Closed gokceneraslan closed 3 years ago
I have a question which I guess related to SCIRA, but I was wondering why is the expression of TFs not taken into account at all. It is known that they are hard to detect but if they are expressed, it's an additional evidence that they are active, isn't it?
@gokceneraslan thank you for the edits! Completely agree with them :+1: Regarding pSCIRA, the expresison of TFs it is indeed taken into account, if you explore the regulons you will see that TFs are also gene targets:
dorothea_hs = dorothea.load_regulons()
len(set(dorothea_hs.columns) & set(dorothea_hs.index))
> 1395
Another way at looking at this:
np.sum(dorothea_hs.loc[dorothea_hs.columns],axis=0)
tf
ADNP 29.0
ADNP2 31.0
AEBP2 62.0
AHR 11.0
AHRR -2.0
...
ZSCAN5A 13.0
ZSCAN9 61.0
ZXDA 36.0
ZXDB 28.0
ZXDC 46.0
Length: 1395, dtype: float64
The expression of TFs can also affect the activity of other TFs (in a positive/negative manner)
Sorry I wasn't clear enough, I was talking about why this is zero
import dorothea
dorothea_hs = dorothea.load_regulons()
cn = sorted(list(set(dorothea_hs.columns) & set(dorothea_hs.index)))

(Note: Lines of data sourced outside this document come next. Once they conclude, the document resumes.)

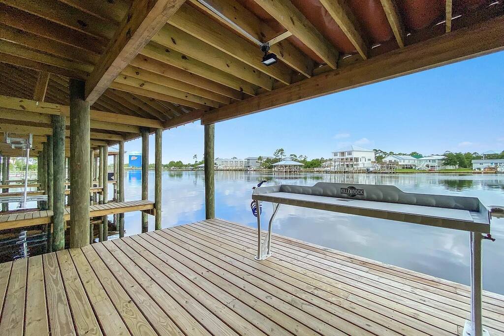 🌴 Upper Class | Luxury 4BR Home w/ Complimentary Private Boat Slip, Pool & Near Beach Welcome to “Upper Class” — your elevated coastal getaway in the exclusive Osprey community of Orange Beach, Alabama! This 4-bedroom, 3.5-bathroom home blends upscale design, spacious comfort, and prime location just minutes from the beach. With a private boat slip (#23) featuring a lift, a resort-style pool, and modern high-end finishes, it’s the perfect retreat for families, groups, and snowbirds seeking a luxurious beach escape. 🏡 Property Highlights 4 Bedrooms | 3.5 Bathrooms | Sleeps 12 Private boat slip #23 with lift (max 14’ x 29’, 4’ water depth) Zero-entry resort-style pool with loungers & dining areas Open-concept living area with sofa sleeper & Smart TV Private balcony with comfy seating & propane grill Golf cart-friendly community Parking for 3 vehicles (no oversized vehicles, RVs, or trailers) High-speed Wi-Fi & washer/dryer 🛏️ Bedroom Layout Master Suite (King) – Private ensuite bathroom, Smart TV, luxury bedding Bedroom 2 (Queen) – Ensuite bathroom, Smart TV Bedroom 3 (Queen) – Ensuite bathroom, Smart TV Bedroom 4 (Main Level) – Built-in Twin over Twin bunks Bonus Loft Area (Upstairs) – Built-in Twin over Twin bunks, additional lounge space Total sleeping capacity: 12 guests 🍽️ Living, Dining & Kitchen The open-concept living area offers elegant furnishings, a Smart TV, and plenty of natural light. The fully equipped kitchen features modern appliances, stone countertops, and all the essentials for cooking and entertaining. Enjoy meals indoors at the dining table or outside on your private balcony, perfect for morning coffee or evening grilling. 🌊 Community Amenities Guests at The Osprey enjoy: A zero-entry resort-style pool with loungers and outdoor dining areas Community boat dock with fishing area & cleaning station Private boat slip #23 with lift included with your stay Golf cart-friendly neighborhood (rentals available nearby) You’re just a 5-minute walk or 1-minute drive from Cotton Bayou Public Beach Access, where white sand and turquoise waters await. 📍 Prime Orange Beach Location Upper Class is centrally located in Orange Beach, less than 5 minutes from top restaurants, shopping, and family attractions. Everything you need for dining, entertainment, and outdoor fun is right at your fingertips. 🌅 Snowbird Monthly Rentals Available November through February for $3,600/month (plus taxes & fees). Message us for details on monthly or extended stays. 💎 Why Guests Love “Upper Class” ✅ Private boat slip with lift ✅ Resort-style pool & fishing dock ✅ Walk to beach & close to everything ✅ Upscale furnishings & modern finishes Book your stay at “Upper Class” today and experience refined coastal living in the heart of Orange Beach, Alabama.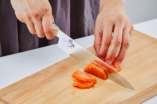 またハンドル部分の「本通し仕様」で、刃とハンドルの重さのバランスを良くし、持ちやすく安定して調理ができます。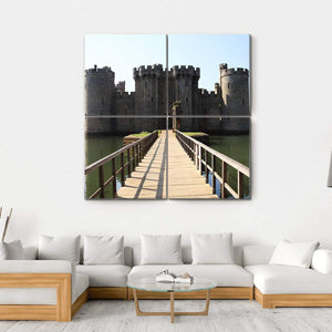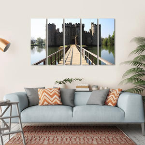 This canvas wall art beautifully captures the historic Bodiam Castle, featuring its majestic towers reflected by the serene moat. The clear blue sky and the leading lines of the wooden bridge invite you to explore this enchanting scene.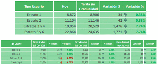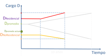 Una proyección de la aplicación de la gradualidad implicaría que, si bien los usuarios residenciales no tendrían un impacto inmediato, el salto tarifario que tendrían los usuarios en dos años sería equivalente al que tendrían que asumir en la actualidad, tal y como se desprende de la siguiente tabla: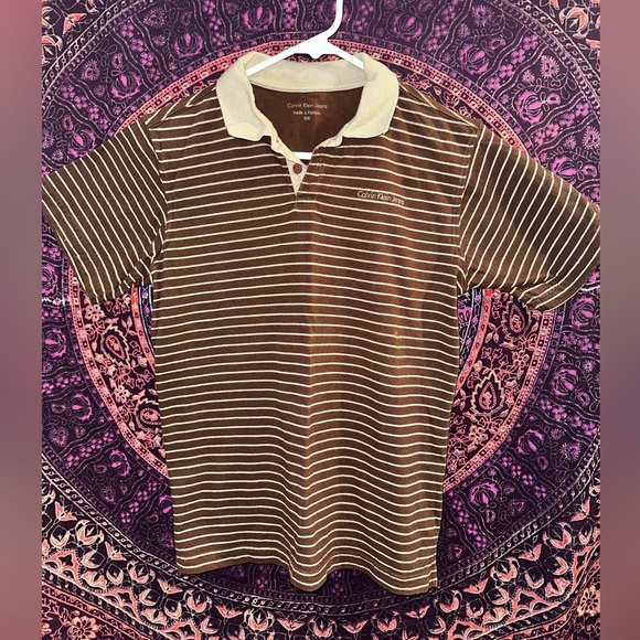 Calvin Klein Men's Polo Shirt in Brown and Cream Stripes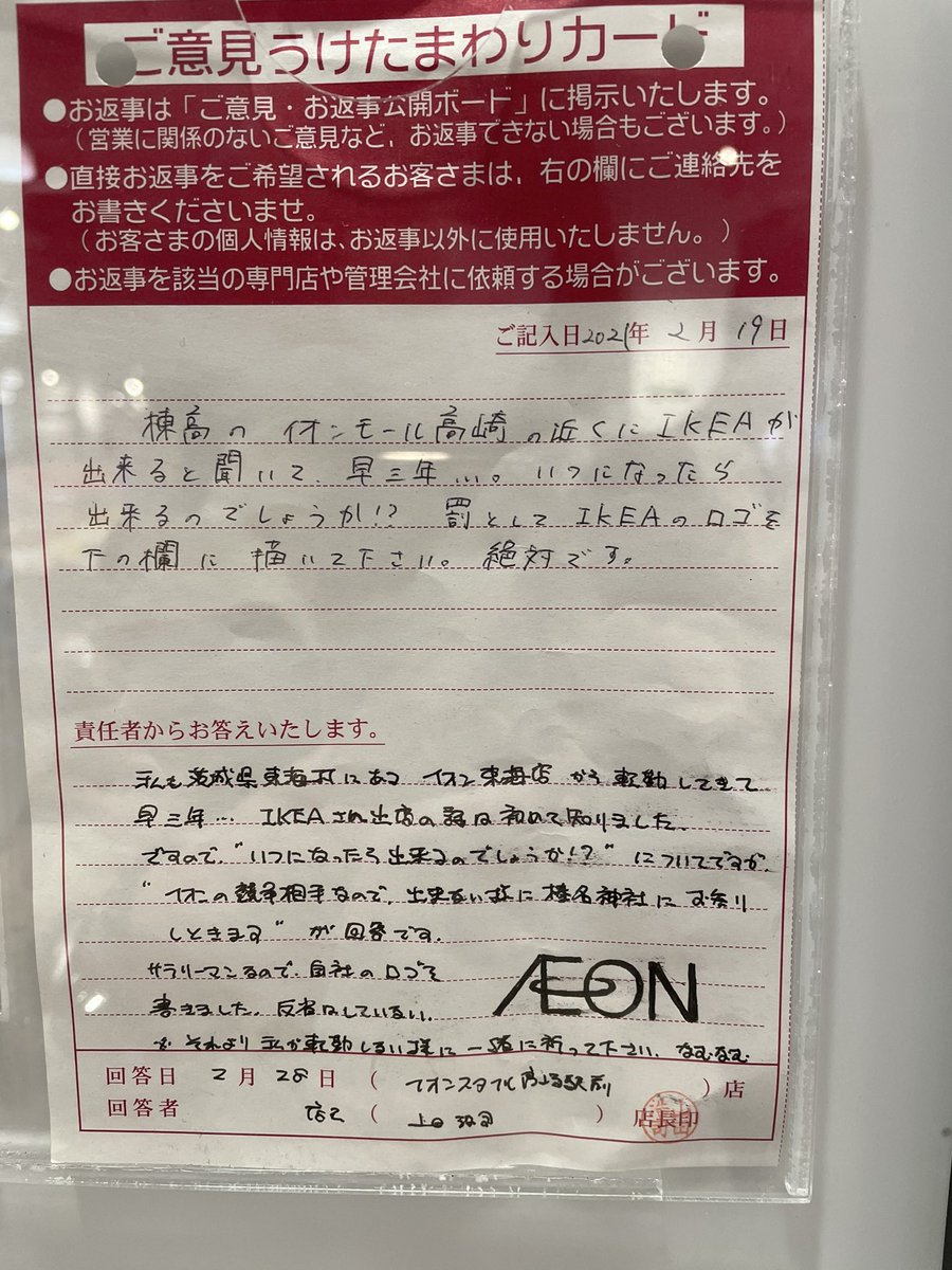 高崎駅前のイオンでは ご意見うけたまわりカード にキレッキレの返信をする店長がいるらしい 本当に責任者 店長 なの草 togetter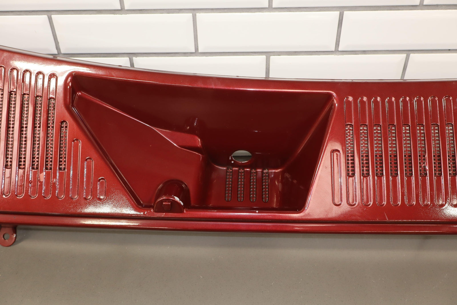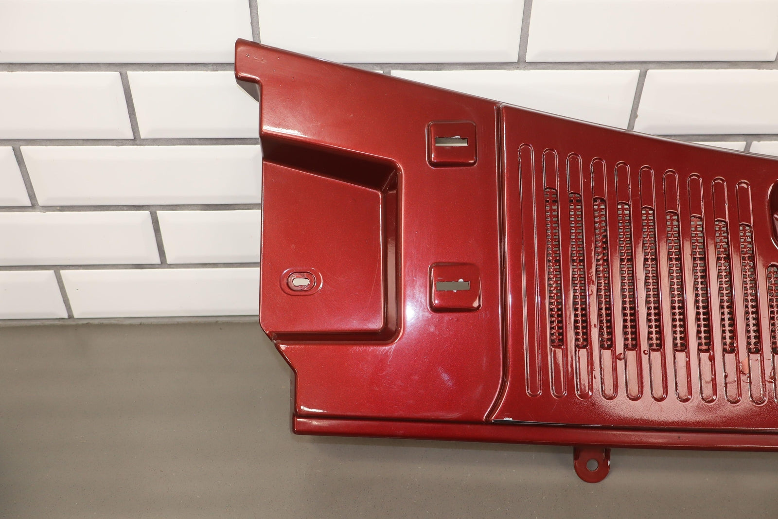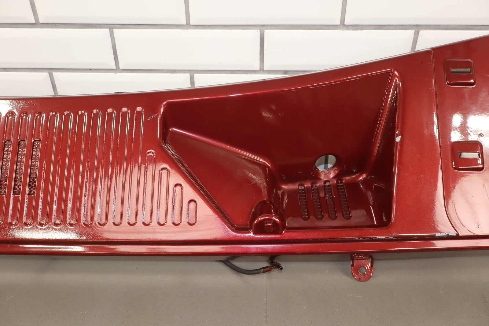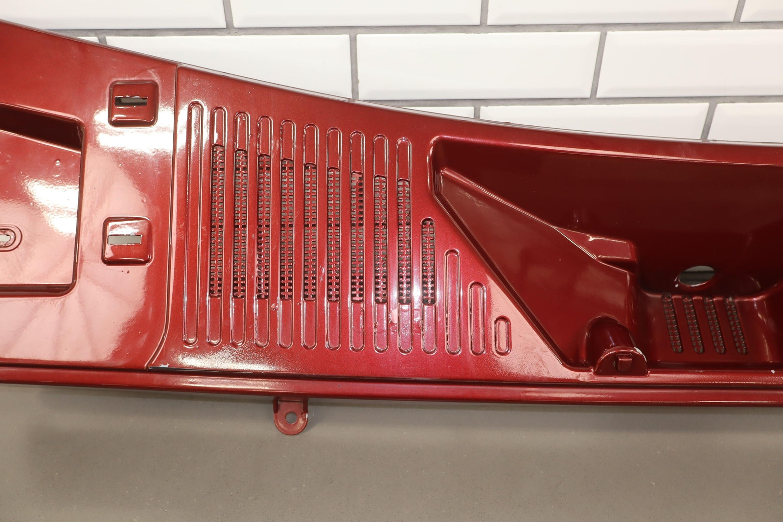 Cowl Vent Panel Center Section, Red Metallic (72u), Poor Respray, 1 Repaired Mount Tab (marked Red), Multiple Paint Chips, Runs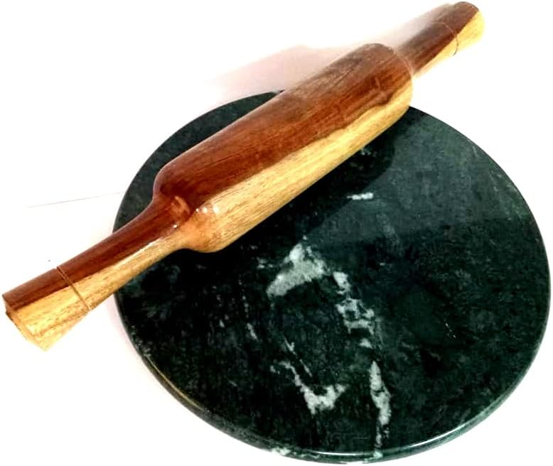 Green granite Roti Roller/Wodden Chakla Belan/Rolling Pin Board/Roti Maker/Phulka Maker/Chapati Maker Wooden chakla for Home & Kitchen Chakla diameter is 9 Inches Chakla hight is 0.5 Inches belan diameter is 2 Inches belan lenght is 10 Inches Made Manually by Experience Handicraft artisan Easy to maintain/ clean, dishwasher safe and won't absorb food odours or stains Design varies as made up of natural stone..

dorothea_hs.loc[cn, cn].values.diagonal().sum()
For example, I have a FOS high and FOS low clusters but when I run dorothea, I see high FOS activation signal only in FOS low cluster. So I was wondering, if FOS is highly expressed in the first cluster, why doesn't it count as evidence that FOS is active in that cluster too.
In other words, if this is a tf activity prediction method, why is the expression of the tf of interest completely ignored?

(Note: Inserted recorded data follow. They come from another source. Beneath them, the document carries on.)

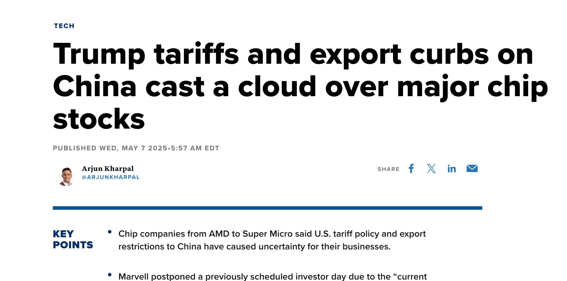本周二,AMD 表示,尽管第一季度盈利超出预期,但由于对中国人工智能芯片出口限制,预计本财年末将损失15亿美元。 超微也于当日发布了令人失望的财报,财报称业绩不达预期的原因是关税和宏观经济不确定性所导致的。该公司表示,在“前景”更加明朗之前,不会提供2026财年的财报。该股盘前交易下跌4%。 Marvell 也在当日表示,将原定于6月10日举行的投资者日活动推迟至“2026年的某日”。该公司股价在盘前交易中下跌了4.4%。Marvell首席执行官马特·墨菲 (Matt Murphy) 在一份声明中表示:“鉴于当前不确定的宏观经济环境,我们决定推迟投资者日召开的日期。” 今年,由于宏观经济不确定性增加和美国贸易政策的影响,半导体股一直承受压力。 从表现来看,微软等科技巨头在人工智能产品方面表现强劲,但市场对人工智能产品的需求仍存在担忧。 感受到压力的不仅仅是美国公司。 三星在上个月表示,由于关税政策变化和宏观经济不确定性,“预计需求波动将相当大”。三星高管在财报电话会议上表示:“由于主要国家政策的快速变化和地缘政治紧张局势,很难准确预测关税和反制措施对业务的影响。”“我们面临很多不确定性。” Quilter Cheviot全球技术分析师本·巴林杰 (Ben Barringer) 通过电子邮件告诉 CNBC:“半导体行业正面临复杂的需求信号和地缘政治逆风。” 巴林杰表示,Marvell推迟投资者日的决定“在缺乏明确性的情况下更增加了一层不确定性”,而超微的疲软前景也“令人担忧”。 巴林杰补充道:“由于宏观不确定性和出口限制仍然很大,即使某些领域的潜在需求保持稳定,芯片制造商的未来道路仍然坎坷。” 英伟达首席执行官黄仁勋周二向 CNBC 表示,中国可能在两到三年内成为一个价值 500 亿美元的人工智能市场。 “如果作为一家美国公司,不能解决这个问题,那将是巨大的损失。这一市场将给我们带来收入,带来税收,并在美国创造大量的就业机会,”黄仁勋说。 过去几年,中国企业正加大对自主研发技术的投入,华为、阿里巴巴等公司也希望打造出能够与英伟达等公司竞争的产品。 DeepSeek、阿里巴巴等中国公司已经推出高性能的人工智能模型。 黄仁勋表示:“美国必须认识到,我们并非这场竞赛中唯一的国家,我们有竞争对手。”(勃潺) |
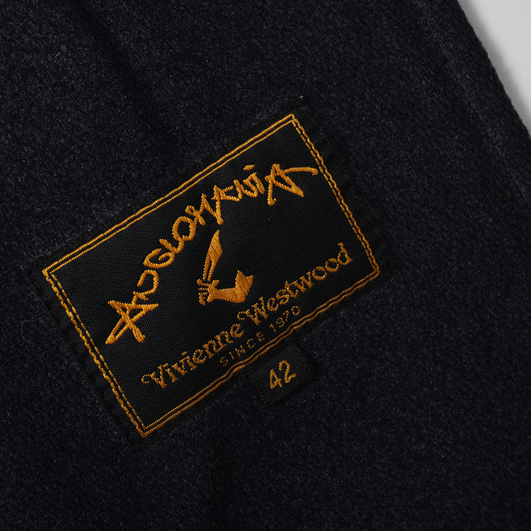 90년대 런칭한 비비안웨스트우드의 앵글로매니아 라인 피코트입니다. 울블렌드 원단이 사용되었으며 사용감에 의한 워싱과 페이딩이 마치 데님처럼 진행된 색감의 제품입니다. 특별한 데미지는 없으나 전체적인 사용감있는 제품입니다. 표기사이즈 42, 국내 남성 S, 여성 Free 사이즈 추천드립니다.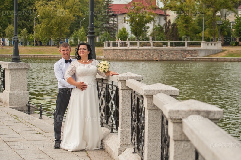 Молодожены, жених и невеста на свадьбе возле пруда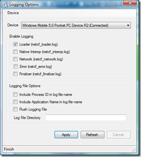 Se empieza por activar usando el Net CF Logging Configuration que es parte de los .NET Compact Framework Powertoys para 3.5.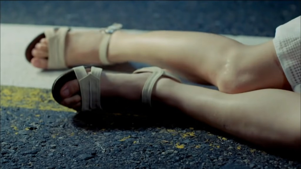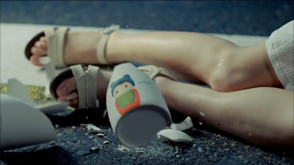 Un gros plan des jambes de Mi-young étendue sur la route, quelques gémissements, les passants alentours qui commencent à réagir et la tasse de l’enfant qui se brise à son tour sur le sol.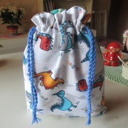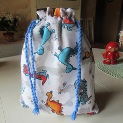 REAR ut: - Dinosarier Snoddpåse i tyg fodrad inuti, förvaringspåse kasse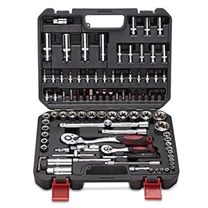 JIXIN Werkzeugset, Werkzeugkasten Steckschlüsseln, Werkzeugkoffer, Steckschlüsselsatz, Profiwerkzeug, Ratschenset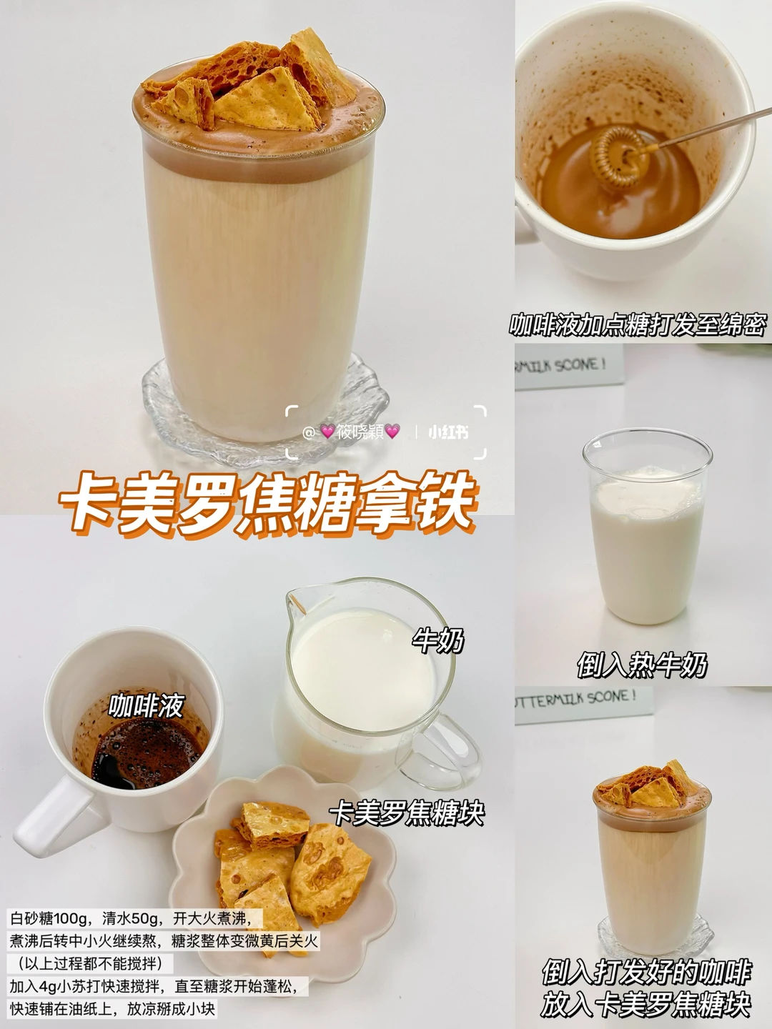 卡美罗做法:白砂糖100g,清水50g,开大火煮沸,煮沸后转中小火继续熬,糖浆整体变黄后关火(以上过程全程都不能搅拌)加入4g小苏打后快速搅拌,直至糖浆开始蓬松,快速铺在油纸上,放凉掰成小块

Good question! The expression of the TF of interest is ignored because TF activities do not correlate with their expression (high expression does bot mean high activity). Instead, since we use a foot-print methodology, we focus on the targets that are downstream of the TFs. If said TF is truly active, these genes should be more coordinated than the others.

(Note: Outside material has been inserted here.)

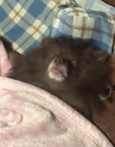 主人還在牠睡覺時,特地幫牠蓋上被子,看牠一副睡眼惺忪的樣子,一定很舒服!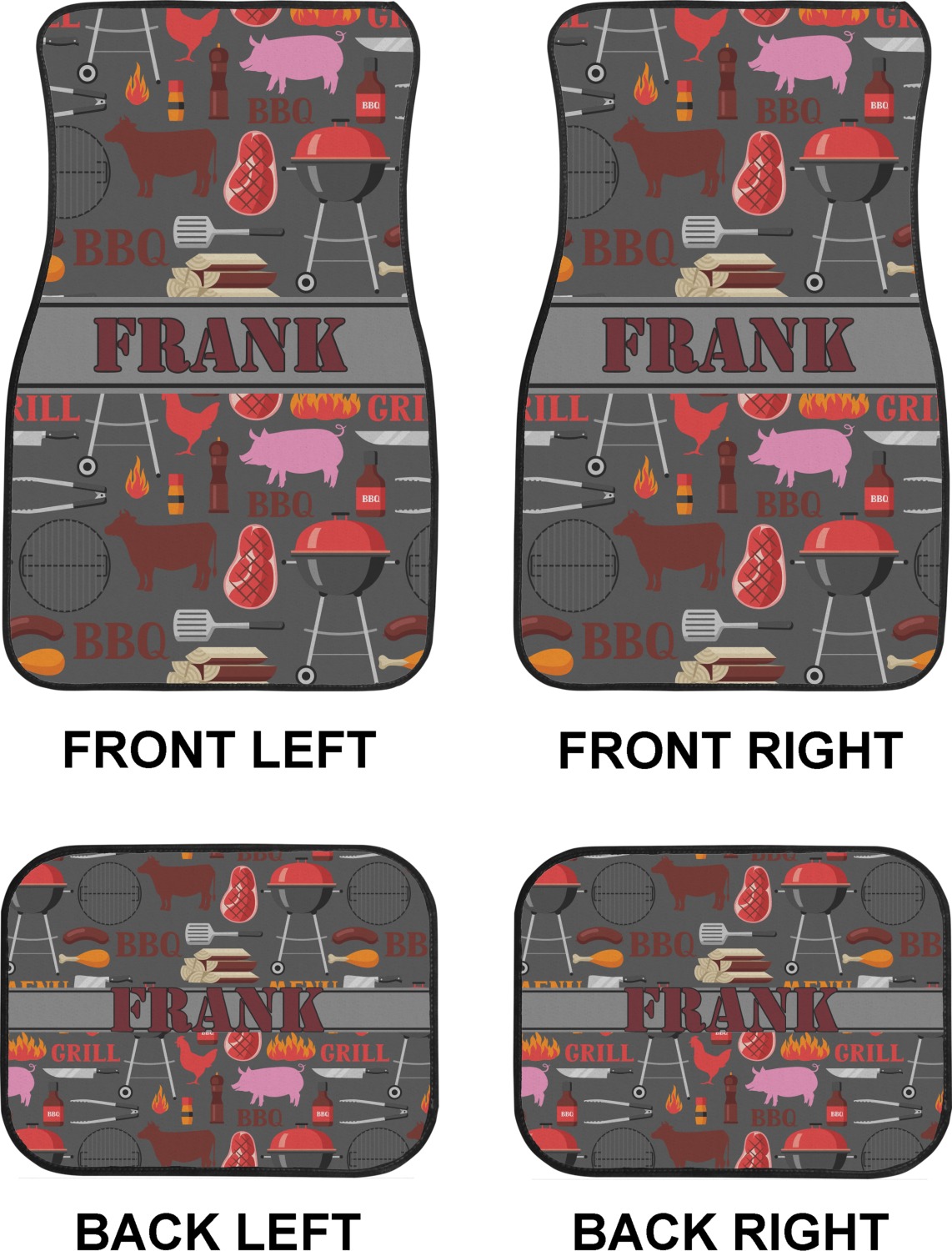 We craft our auto floor mats mats from polyester, apply a black finish to the edges, and lined at the bottom to prevent slippage. These mats protect your floors from grass, mud, and any accidental spills. We display your personalized design on the front face of each mat. The sizes of these car floor liners are standardized to provide a versatile fit for all vehicles. The front rows car mats measure at 17 by 26.5 inches, while the back rows measure at 17 by 13 inches. We sell three packages of car floor mats. You can purchase a pair of front row car mats, a pair of back row car mats, or a set of front row and back row car mats. To make an informed purchase, we recommend measuring the surface area of your car floors.

A few sanity checks and minor improvements. I was particularly scared by this line:
r_genes, r_tfs, R = np.sort(regnet.index), regnet.columns, np.array(regnet)
since target gene names and regnet rows can easily go out-of-sync (e.g. if regnet rows are not alphabetically sorted for some reason.)
I also turned off use_raw by default, since most of the time it's misleading and things might go unnoticed. It's better to have an explicit option defaulting to False, which is something we also want to do in Scanpy at some point.